L’Egitto liberi Patrick! Firma la petizione!
La redazione
L’amico di Patrick Zaky: “Anch’io rapito e torturato in Egitto, ora temo per lui”. L’attivista che vive e lavora a Berlino da qualche anno è in prima fila per liberazione : sono dovuto scappare dal Paese!
FIRMA LA PETIZIONE SU CHANGE!
«Sono stato rapito dalle forze di sicurezza statali» in Egitto «e interrogato per 35 ore», «non ho subito elettroshock ma sono stato picchiato, bendato e legato. Mi hanno privato del sonno e hanno cercato di distorcere il tempo».
È la drammatica testimonianza che fa all’Ansa Amr Abdelwahab, cittadino egiziano 29enne che vive e lavora a Berlino da qualche anno, amico di Patrick George Zaki, arrestato venerdì al Cairo e tuttora detenuto, in prima fila tra coloro che in tutta Europa ne stanno chiedendo la liberazione.
Dopo essere stato così interrogato «sono stato rilasciato, ma hanno continuato a chiamarmi per le indagini più volte e quindi mi sono reso conto che ero in pericolo e dovevo scappare dal Paese», racconta Amr. Questo accadeva nel luglio 2015, dal settembre di quell’anno Amr non ha più messo piede nel suo Paese natio, l’Egitto. «Come ingegnere del software ho avuto subito diverse offerte di lavoro in Europa e sono partito subito».
Ai tempi dell’Università, Al Cairo, risale la sua conoscenza con Patrick Zaky. I due si sono avvicinati con l’inizio della rivoluzione egiziana nel 2011 e poi nel 2012 Amr racconta di Patrick, in prima fila per lui espulso dall’università «per motivi politici». Ora l’amico ricambia il favore in un certo senso, e parla a nome di migliaia di attivisti e amici tra Egitto ed Europa che in questi giorni hanno messo in piedi una straordinaria mobilitazione, sul web, nelle piazze, non solo a Bologna.

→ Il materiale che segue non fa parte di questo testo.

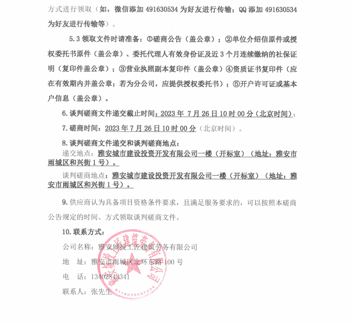 雅安市大興生態(tài)旅游建設項目機械租賃談判磋商公告
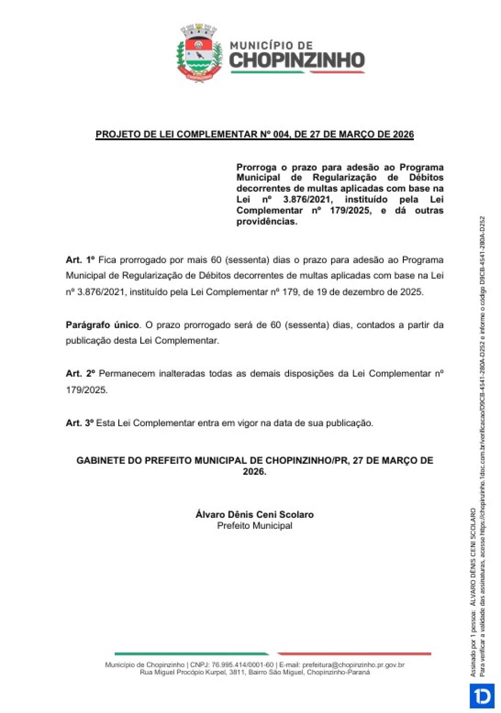 O Projeto de Lei Complementar nº 4/2026, de autoria do Poder Executivo, prorroga por mais 60 dias o prazo para adesão ao Programa Municipal de Regularização de Débitos decorrentes de multas aplicadas com base na Lei nº 3.876/2021.
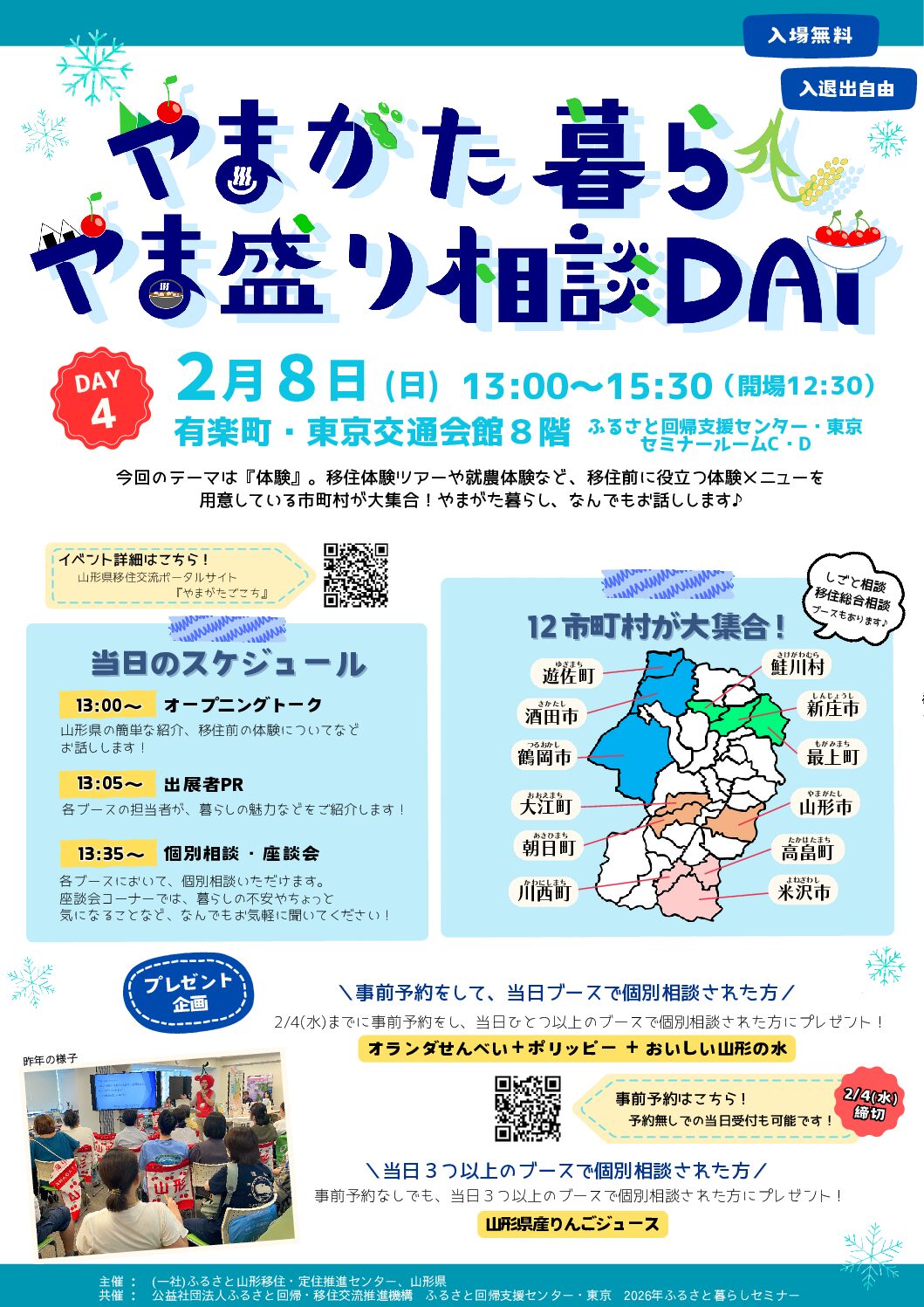 2026年2月8日(日)に、東京交通会館(東京有楽町)にて開催される「やまがた暮らしやま盛り相談DAY【DAY4】」に、山形県米沢市の移住相談ブースを出展します!

Proprio la petizione lanciata da Amr su Change.org sabato per chiedere la liberazione di Patrick ha superato 80mila firme. «In questi ultimi 9 anni ho imparato la lezione a mie spese – dice Amr all’Ansa – Niente è più importante che coinvolgere le persone. Le persone sono il vero potere». «Pagherò un prezzo per aver fatto sentire la mia voce per Patrick, lo so – aggiunge – ma è tempo che si conosca il prezzo che paghiamo. Il mio più grande timore è che questo prezzo che noi egiziani paghiamo per la nostra sicurezza sia per nulla. E questo accadrà soltanto se le persone cominceranno a ignorare le nostre storie».
Alla domanda se ci sia il timore di essere spiati e controllati dalle forze di sicurezza egiziane anche all’estero, Amr risponde:«Assolutamente sì. Ci sono state tante storie su questo in passato, una volta ho incontrato un ricercatore che stava scrivendo una tesi di master proprio su questo argomento».